According to the complaint, defendants, as the creators, issuers and operators of the largest oil-related ETF in existence and active market-making players in the complex commodities and futures markets that determined the Fund’s performance, possessed inside knowledge about the negative consequences to the Fund as a result of these converging adverse events. However, rather than disclose the known impacts and risks to the Fund as a result of these exceptional threats, defendants instead commenced an offering of USO shares in March 2020, ultimately selling billions of dollars’ worth of USO shares to the market. Although the offering increased the fees payable to defendants, it also exacerbated the undisclosed risks to the Fund by magnifying trading inefficiencies and causing USO to approach position and accountability limits as a result of the Fund’s massive positions in the WTI futures market.

Ultimately, the Fund suffered billions of dollars in losses and was forced to abandon its investment strategy. Through a series of rapid-fire investment overhauls, USO was forced to transform from the passive ETF designed to track spot oil prices that defendants had pitched to investors to an almost unrecognizable actively managed fund struggling to avoid a total implosion.
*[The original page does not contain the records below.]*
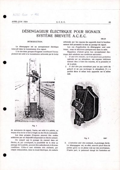 | ACEC Revue - 102- Désengageur électrique pour signaux système breveté A.C.E.C.
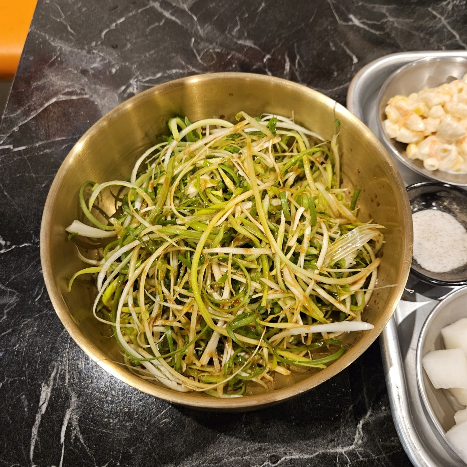 파채의 양념에 푹 찍어 먹어본 똥집 튀김. 튀김 겉에 양념이 스며들면서 튀김옷과 안의 재료를 하나로 뭉쳐준다. 튀김옷이 따로 노는 느낌이 없어지고, 간도 딱 맞게 아주 맛있어졌다. 이걸 발견해 주신 함께 한 아내분께 찬사를 보내 드린다.
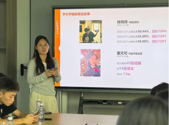 “学长学姐分享”环节成了现场最具温情的互动环节。于西安维帆,2021级校友杨明辉(任职销售顾问岗)、童元可(任职B站内容运营岗)结合自身经历,分享了入职后的实际工作内容以及成长收获,并向新生传达了“主动学习、多实践”的建议。其坦言:“期望学弟学妹们珍惜在校的每一次实践机会,多尝试、多提问。”
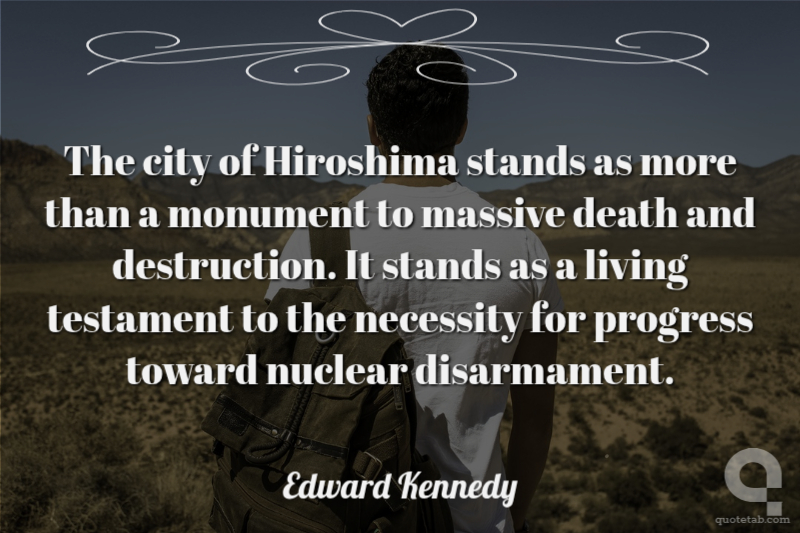The city of Hiroshima stands as more than a monument to massive death and destruction. It stands as a living testament to the necessity for progress toward nuclear disarmament.
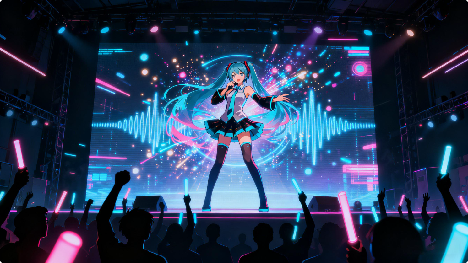虚拟偶像的成功标志着AI与娱乐产业的结合达到了一个新的高度。最著名的虚拟偶像之一便是日本的初音未来(Hatsune Miku),她是由Vocaloid语音合成软件生成的数字化歌手,并在全球范围内拥有数百万粉丝。通过语音合成与动画生成技术,初音未来不仅可以“演唱”人类创作的歌曲,还能在全球巡回演出,甚至通过虚拟现实(VR)技术与粉丝进行互动。

In April and May 2020, defendants belatedly acknowledged the extreme threats and adverse impacts that the Fund had been experiencing at the time of the March offering, but which they had failed to disclose to investors.

Abraham, Fruchter & Twersky, LLP (www.aftlaw.com), is a law firm based in New York and maintaining an office in California.  Abraham, Fruchter & Twersky, LLP has extensive experience in litigating securities class action cases.  The firm has been ranked among the leading class action law firms in terms of recoveries achieved for shareholders, most recently obtaining approval of a $48,750,000 settlement in In re Terraform Global Securities Litigation, No. 1:16-cv-07967-PKC (S.D.N.Y.), representing as much as 75% of likely recoverable damages.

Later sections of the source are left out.